[Source material — start]
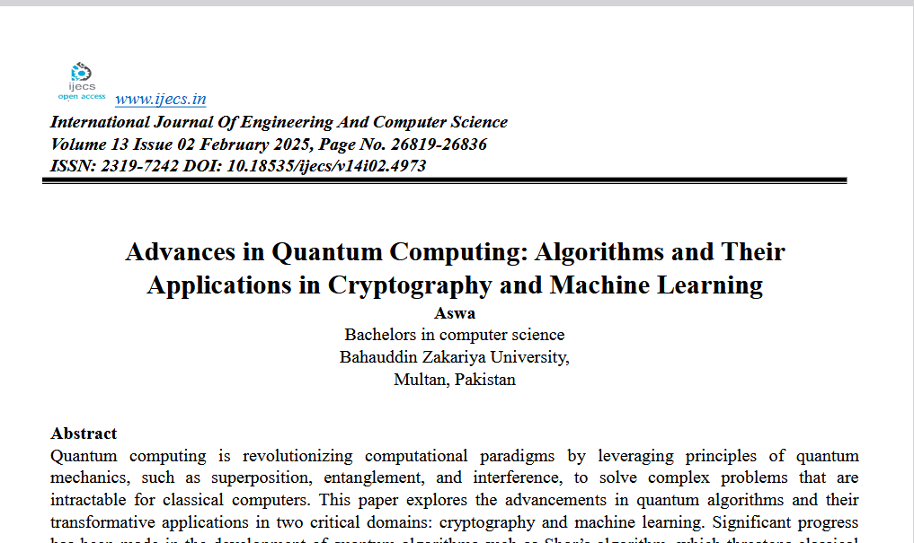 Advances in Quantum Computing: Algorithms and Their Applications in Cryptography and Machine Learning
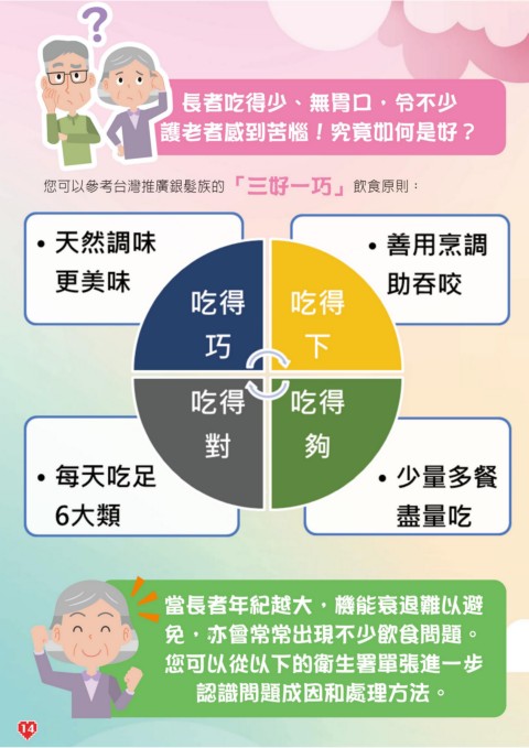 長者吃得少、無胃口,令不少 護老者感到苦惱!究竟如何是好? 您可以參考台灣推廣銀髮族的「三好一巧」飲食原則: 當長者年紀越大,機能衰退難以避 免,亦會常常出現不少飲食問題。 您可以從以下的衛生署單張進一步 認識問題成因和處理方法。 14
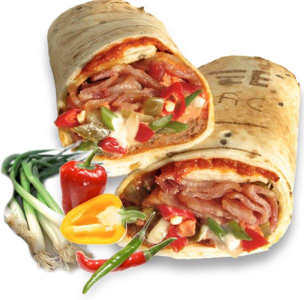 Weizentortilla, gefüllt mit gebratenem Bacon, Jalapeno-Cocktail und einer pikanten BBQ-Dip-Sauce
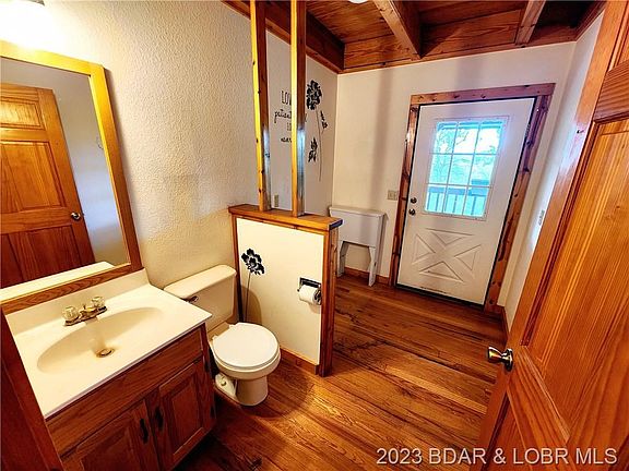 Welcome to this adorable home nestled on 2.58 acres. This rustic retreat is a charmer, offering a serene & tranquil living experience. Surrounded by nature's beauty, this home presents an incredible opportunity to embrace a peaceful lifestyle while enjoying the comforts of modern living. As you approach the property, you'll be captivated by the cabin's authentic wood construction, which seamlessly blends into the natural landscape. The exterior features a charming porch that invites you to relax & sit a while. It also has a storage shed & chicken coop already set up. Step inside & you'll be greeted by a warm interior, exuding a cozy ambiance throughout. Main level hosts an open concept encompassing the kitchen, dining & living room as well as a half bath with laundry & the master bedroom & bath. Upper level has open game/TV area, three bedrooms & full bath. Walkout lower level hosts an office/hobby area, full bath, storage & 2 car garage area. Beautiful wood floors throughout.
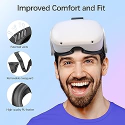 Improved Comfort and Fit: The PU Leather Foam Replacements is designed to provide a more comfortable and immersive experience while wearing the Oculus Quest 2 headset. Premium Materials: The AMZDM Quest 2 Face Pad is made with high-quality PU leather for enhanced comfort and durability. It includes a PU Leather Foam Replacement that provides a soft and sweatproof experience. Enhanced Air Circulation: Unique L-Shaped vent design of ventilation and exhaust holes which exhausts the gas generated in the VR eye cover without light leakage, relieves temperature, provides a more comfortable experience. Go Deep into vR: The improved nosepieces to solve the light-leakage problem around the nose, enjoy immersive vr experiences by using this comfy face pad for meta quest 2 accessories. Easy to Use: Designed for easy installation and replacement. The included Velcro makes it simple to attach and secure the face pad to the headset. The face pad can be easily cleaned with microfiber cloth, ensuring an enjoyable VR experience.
[Source material — finish]
▶ **What you should do**
All of the data is to be transcribed exactly, with images omitted.

▶ **Exercise output**
 Advances in Quantum Computing: Algorithms and Their Applications in Cryptography and Machine Learning
 長者吃得少、無胃口,令不少 護老者感到苦惱!究竟如何是好? 您可以參考台灣推廣銀髮族的「三好一巧」飲食原則: 當長者年紀越大,機能衰退難以避 免,亦會常常出現不少飲食問題。 您可以從以下的衛生署單張進一步 認識問題成因和處理方法。 14
 Weizentortilla, gefüllt mit gebratenem Bacon, Jalapeno-Cocktail und einer pikanten BBQ-Dip-Sauce
 Welcome to this adorable home nestled on 2.58 acres. This rustic retreat is a charmer, offering a serene & tranquil living experience. Surrounded by nature's beauty, this home presents an incredible opportunity to embrace a peaceful lifestyle while enjoying the comforts of modern living. As you approach the property, you'll be captivated by the cabin's authentic wood construction, which seamlessly blends into the natural landscape. The exterior features a charming porch that invites you to relax & sit a while. It also has a storage shed & chicken coop already set up. Step inside & you'll be greeted by a warm interior, exuding a cozy ambiance throughout. Main level hosts an open concept encompassing the kitchen, dining & living room as well as a half bath with laundry & the master bedroom & bath. Upper level has open game/TV area, three bedrooms & full bath. Walkout lower level hosts an office/hobby area, full bath, storage & 2 car garage area. Beautiful wood floors throughout.
 Improved Comfort and Fit: The PU Leather Foam Replacements is designed to provide a more comfortable and immersive experience while wearing the Oculus Quest 2 headset. Premium Materials: The AMZDM Quest 2 Face Pad is made with high-quality PU leather for enhanced comfort and durability. It includes a PU Leather Foam Replacement that provides a soft and sweatproof experience. Enhanced Air Circulation: Unique L-Shaped vent design of ventilation and exhaust holes which exhausts the gas generated in the VR eye cover without light leakage, relieves temperature, provides a more comfortable experience. Go Deep into vR: The improved nosepieces to solve the light-leakage problem around the nose, enjoy immersive vr experiences by using this comfy face pad for meta quest 2 accessories. Easy to Use: Designed for easy installation and replacement. The included Velcro makes it simple to attach and secure the face pad to the headset. The face pad can be easily cleaned with microfiber cloth, ensuring an enjoyable VR experience.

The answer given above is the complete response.